Hold your mouth closed with one hand, and pinch your nostrils closed with your other.

Now hum your favorite tune!

:clap:


----------



## Polednice (Sep 13, 2009)

I breathed in first and managed a full bar!


----------



## Krummhorn (Feb 18, 2007)

I know a soprano soloist whose voice resembles a trumpet ... I'm sure to suggest this idea to her ..


----------



## regressivetransphobe (May 16, 2011)

Are you trying to kill me?


----------



## Klavierspieler (Jul 16, 2011)

Polednice said:


> I breathed in first and managed a full bar!

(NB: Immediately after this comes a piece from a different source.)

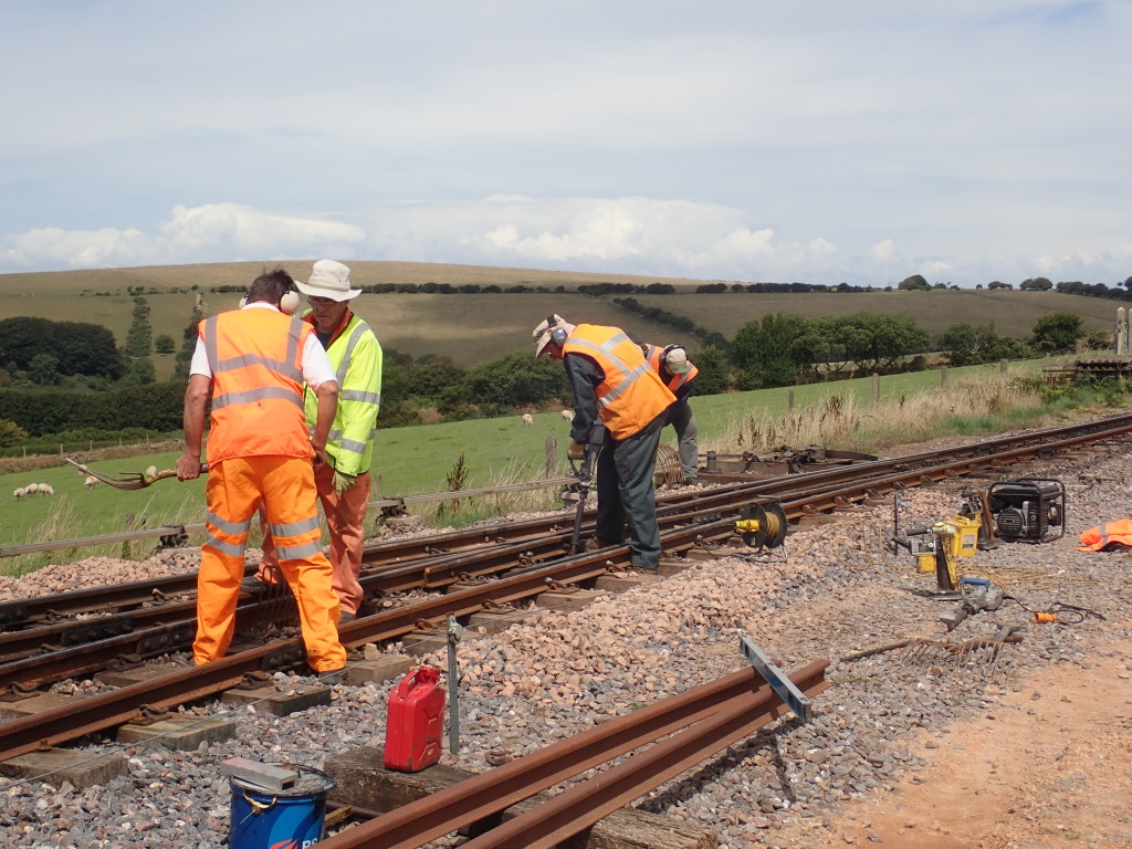 18. ...resuming the jacking and packing of the points at the station throat, surrounded by the tools of their trade.

I got a bar and a half! Beat that!


----------



## Polednice (Sep 13, 2009)

Klavierspieler said:


> I got a bar and a half! Beat that!


:O Well, my piece was only allegretto! I bet you were doing a prestissimo!


----------



## Ukko (Jun 4, 2010)

Since I can hum through a nether orifice, your challenge is not a challenge.


----------



## Klavierspieler (Jul 16, 2011)

Hilltroll72 said:


> Since I can hum through a nether orifice, your challenge is not a challenge.


I hope this doesn't mean what it sounds like to me...


----------



## EddieRUKiddingVarese (Jan 8, 2013)

Yes, what is next........................


----------